As shown in FIG. 1, the output circuit 30 converts the analog pulse current output from the light receiving means 28 into a digital pulse and outputs the digital pulse. The output circuit 30 includes a current-voltage conversion circuit 31, an amplifier circuit 32, a voltage The comparison circuit 33, a rectangular wave generation circuit 34, and an AND circuit 35 are included.

The current-voltage conversion circuit 31 converts the pulse current output from the light receiving means 28 into a pulse voltage and outputs the pulse voltage.

  The amplifier circuit 32 amplifies and outputs a weak pulse voltage input from the current-voltage conversion circuit 31.

  The voltage comparison circuit 33 outputs a digital pulse voltage when particles larger than a preset particle size to be counted pass. Specifically, in the voltage comparison circuit 33, the peak value (reference voltage value) of the light pulse that reflects the scattering intensity of the suspended particles of the size to be detected is determined in advance by experiments. Then, this reference voltage value is set in the voltage comparison circuit 33, and only when a pulse voltage larger than the reference voltage value is input, High is output, and when a pulse voltage smaller than the reference voltage value is input. , Low is output. As a result, the voltage comparison circuit 33 outputs a digital pulse only when floating particles having a particle size larger than the counting target particle diameter pass through the measurement region R. The reference voltage value is set so that the particle to be counted by the sensor 18 of the present embodiment has a diameter of 0.3 microns or more.

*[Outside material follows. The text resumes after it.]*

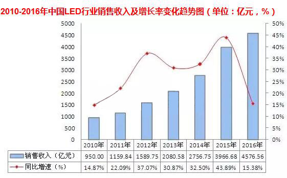需求方麵,2010-2016年,中國LED行業銷售收入呈逐年增長趨勢,其中2016年實現銷售收入4576.56億元,同比增長15.38%。
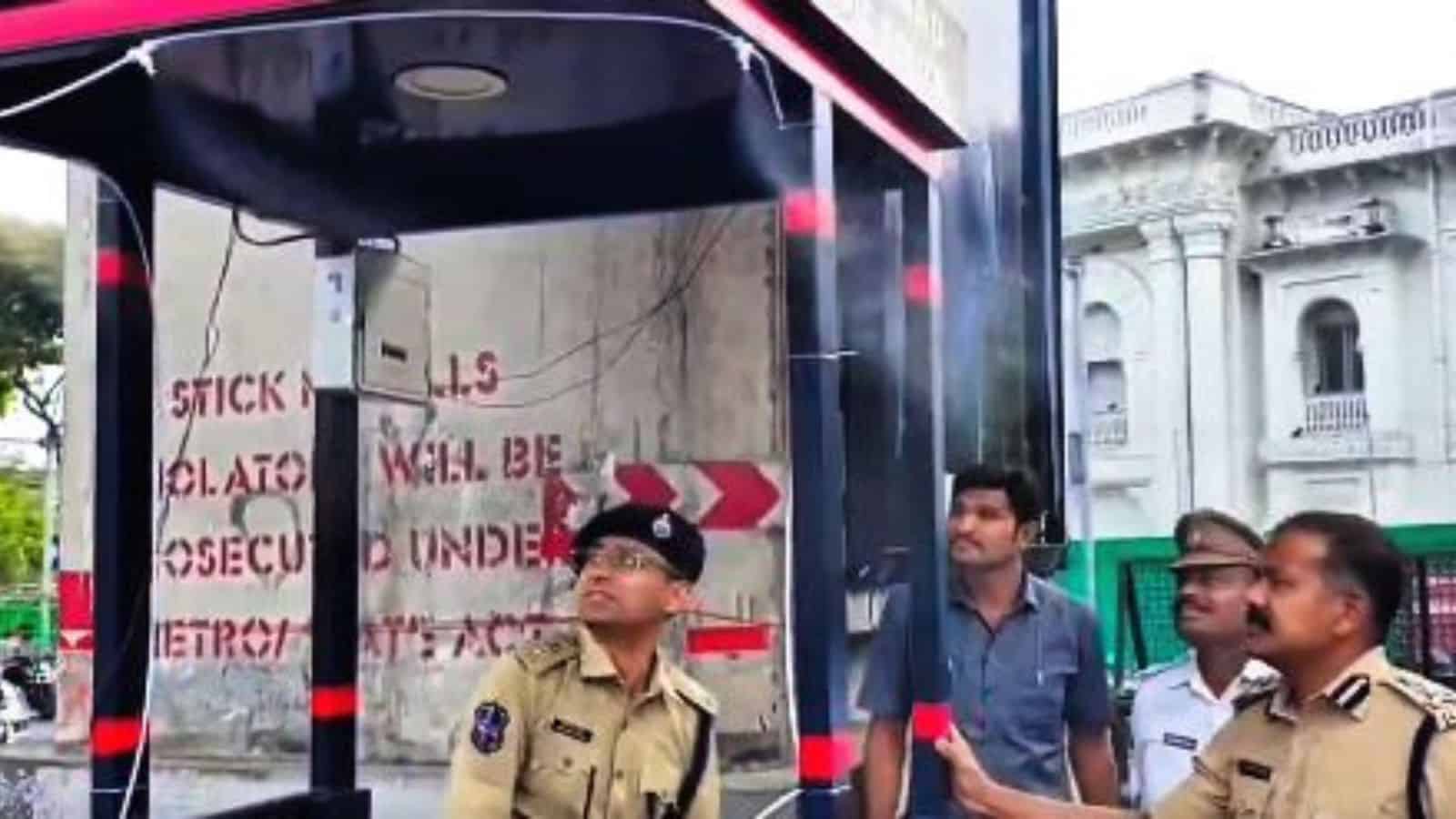 Hyderabad: The Hyderabad traffic police on Tuesday, April 21, installed mist fans at some junctions for on-duty staff amid rising heat.

  The rectangular wave generating circuit 34 outputs a rectangular wave of 1 KHz having a pulse width smaller than the pulse width when particles having the smallest particle size to be counted pass at regular intervals.

The AND circuit 35, and outputs a digital pulse input from the voltage comparator circuit 33, the logical product of the digital pulse input from the rectangular wave generating circuit 34.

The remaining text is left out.